What is expected
In the records below, find the line with "دبئی: صدرِ مملکت" and repeat exactly every line from it through the line with "Чашка з внутрішнім". Pictures stay out.

Available data
======

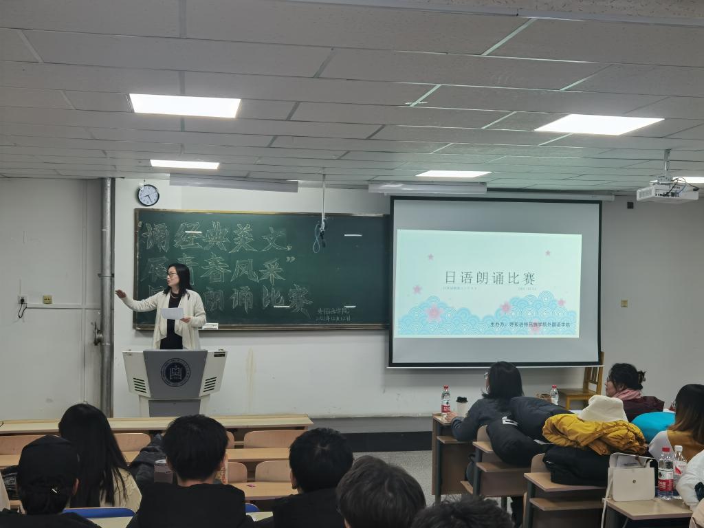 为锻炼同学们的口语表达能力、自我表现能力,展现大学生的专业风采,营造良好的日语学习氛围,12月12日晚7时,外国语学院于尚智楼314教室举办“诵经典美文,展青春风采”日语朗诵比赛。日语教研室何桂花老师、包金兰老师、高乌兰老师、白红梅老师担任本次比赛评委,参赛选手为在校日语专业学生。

======

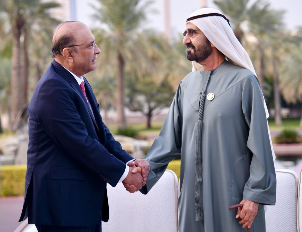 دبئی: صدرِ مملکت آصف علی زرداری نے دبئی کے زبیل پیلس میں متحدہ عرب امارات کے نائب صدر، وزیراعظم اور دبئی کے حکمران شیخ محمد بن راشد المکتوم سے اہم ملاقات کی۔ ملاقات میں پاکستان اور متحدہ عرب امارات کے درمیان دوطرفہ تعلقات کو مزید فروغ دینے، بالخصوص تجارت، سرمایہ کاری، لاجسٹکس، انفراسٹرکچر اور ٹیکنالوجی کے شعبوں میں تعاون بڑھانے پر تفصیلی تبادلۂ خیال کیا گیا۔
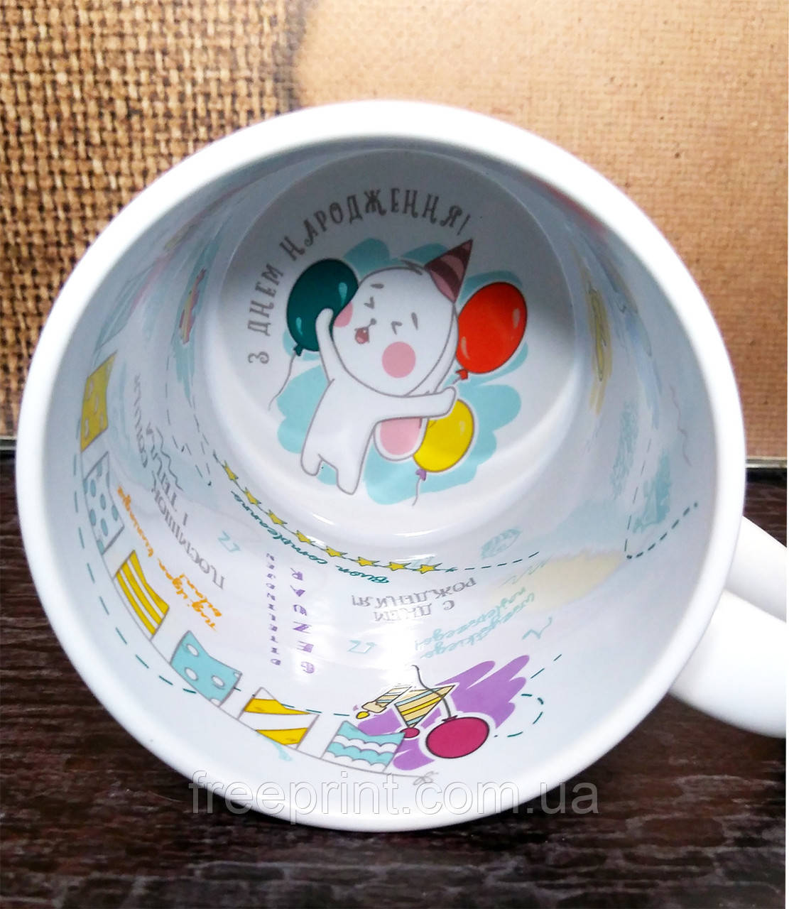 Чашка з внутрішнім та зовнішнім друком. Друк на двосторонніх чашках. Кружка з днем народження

======

Response below
 دبئی: صدرِ مملکت آصف علی زرداری نے دبئی کے زبیل پیلس میں متحدہ عرب امارات کے نائب صدر، وزیراعظم اور دبئی کے حکمران شیخ محمد بن راشد المکتوم سے اہم ملاقات کی۔ ملاقات میں پاکستان اور متحدہ عرب امارات کے درمیان دوطرفہ تعلقات کو مزید فروغ دینے، بالخصوص تجارت، سرمایہ کاری، لاجسٹکس، انفراسٹرکچر اور ٹیکنالوجی کے شعبوں میں تعاون بڑھانے پر تفصیلی تبادلۂ خیال کیا گیا۔
 Чашка з внутрішнім та зовнішнім друком. Друк на двосторонніх чашках. Кружка з днем народження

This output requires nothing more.